§ Task to carry out:
For the data that follows, print the line with "白銀の氷原を割りながら進む「", the line with "Śniadanie - kasza", and all lines between them, exactly as they stand. Omit pictures and add nothing.

--- Data excerpts ---

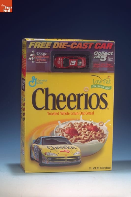 Stock car racing was the fastest-growing sport in the United States in the 1990s. NASCAR's success was reflected in this cereal box. Team sponsors long consisted mostly of companies associated with the automobile industry, or food and beverage makers whose products were sold at race tracks. By 2001, even breakfast cereals found potential customers in NASCAR's growing fan base.
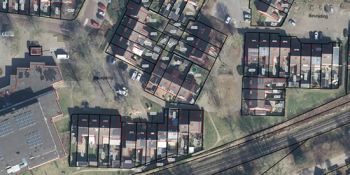 Het perceel waarop Bevrijding 14 staat heeft een oppervlakte van 324 m². Dit is een groot perceel. De perceeloppervlakte wordt geregistreerd door het Kadaster. Gedetailleerde informatie over de maten van dit perceel kunt u vinden in het rapport Kadastrale kaart met maatvoering van Bevrijding 14.
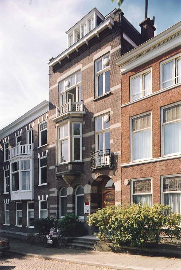 Pand ter breedte van drie vensterassen, bestaande uit parterre met twee verdiepingen. Gebouwd in 1911, architect: G.S. van der Wilde. Hardstenen sokkel, voor het overige bakstenen lijstgevel met natuurstenen blokken en banden, alsmede erker op natuurstenen consoles. Deur uit de bouwtijd; venster hierboven met ijzeren raamhekje.
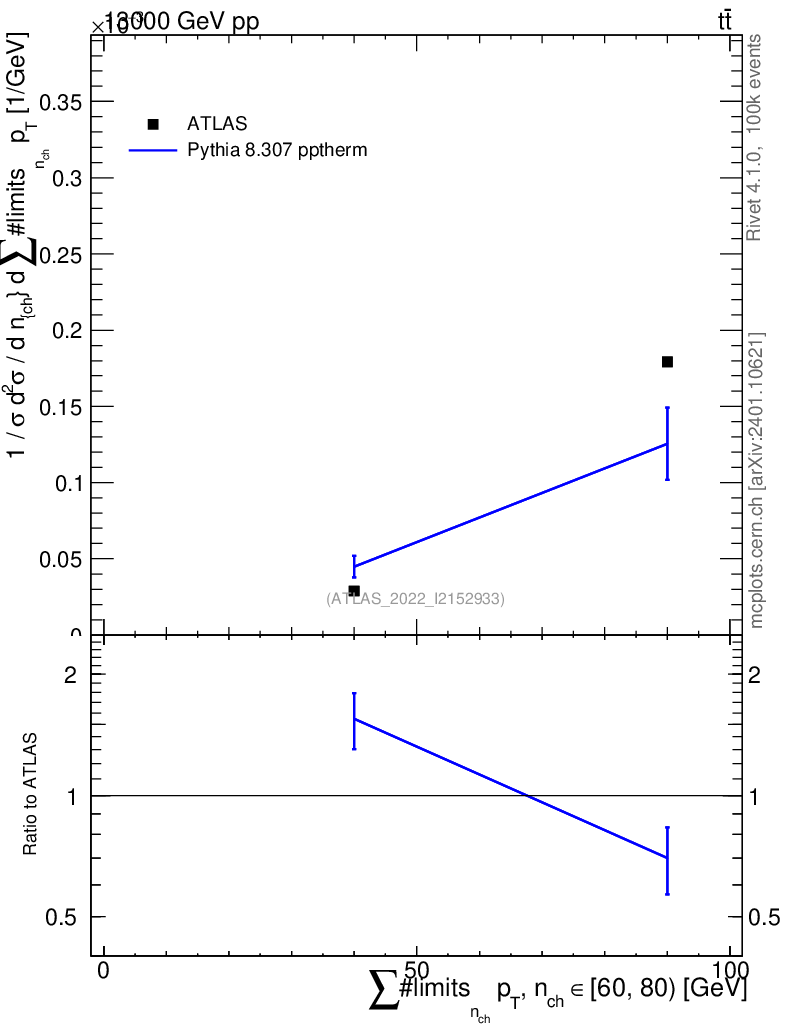 Lines: data, pythia8 8.307 pptherm |
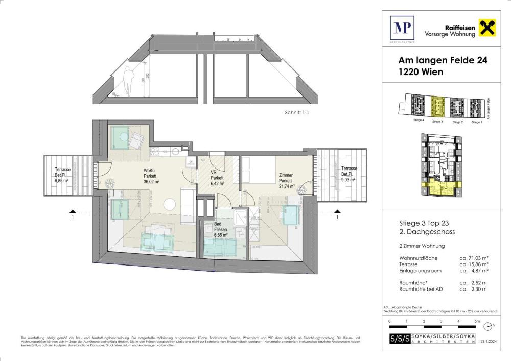 Stiege 3 - Top 3/23 3 2 ~ 71 m² € 451.700* € 28.500*€ 480.200* FREI
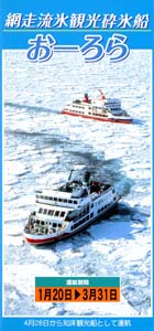 白銀の氷原を割りながら進む「おーろら」は大迫力で、流氷を身近に体験できます。(「道の駅」前の網走川から運行)
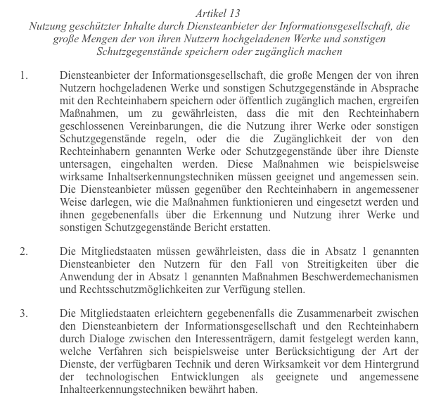 - Der Artikel 13 ist Teil der Urheberrechtsreform der Europäischen Union. Die Urheberrechtsreform wird stark kritisiert, besonders der Artikel 11 und der Artikel 13. In vielen Ländern der EU gab es Demonstrationen und laute Proteste. EUR-Lex (bis dato noch keine offizielle konsolidierte Fassung inkl. der Erwägungsgründe 37, 38, 39)
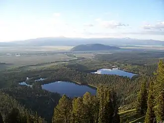 ![]() Bradley Lake, center with Taggart Lake, right. | |
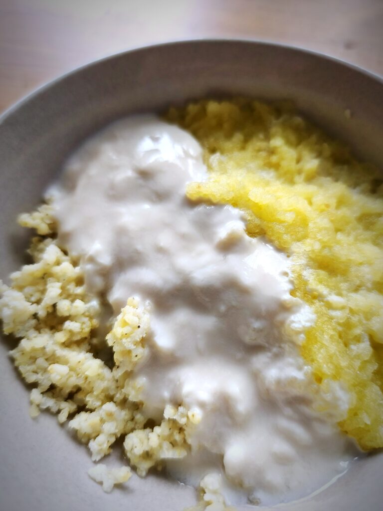Śniadanie - kasza jaglana z jabłkiem i jogurtem sojowym (składniki na dwie porcje)
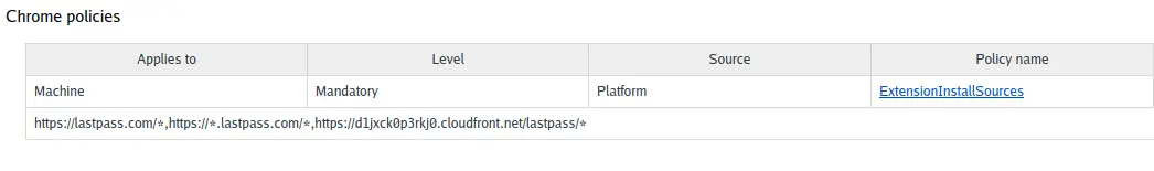 LastPass и некоторые другие расширения Chrome могут использовать преимущества ExtensionInstallForcelist или ExtensionInstallSources параметры политики в Edge или Chrome для принудительной установки расширений браузера.
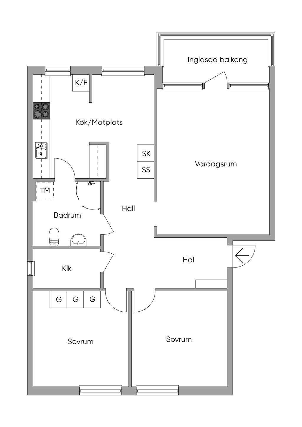 Välvårdad trea med inglasad balkong på första våningen. Låg Avgift

---

§ Task answer:
 白銀の氷原を割りながら進む「おーろら」は大迫力で、流氷を身近に体験できます。(「道の駅」前の網走川から運行)
 - Der Artikel 13 ist Teil der Urheberrechtsreform der Europäischen Union. Die Urheberrechtsreform wird stark kritisiert, besonders der Artikel 11 und der Artikel 13. In vielen Ländern der EU gab es Demonstrationen und laute Proteste. EUR-Lex (bis dato noch keine offizielle konsolidierte Fassung inkl. der Erwägungsgründe 37, 38, 39)
 ![]() Bradley Lake, center with Taggart Lake, right. | |
Śniadanie - kasza jaglana z jabłkiem i jogurtem sojowym (składniki na dwie porcje)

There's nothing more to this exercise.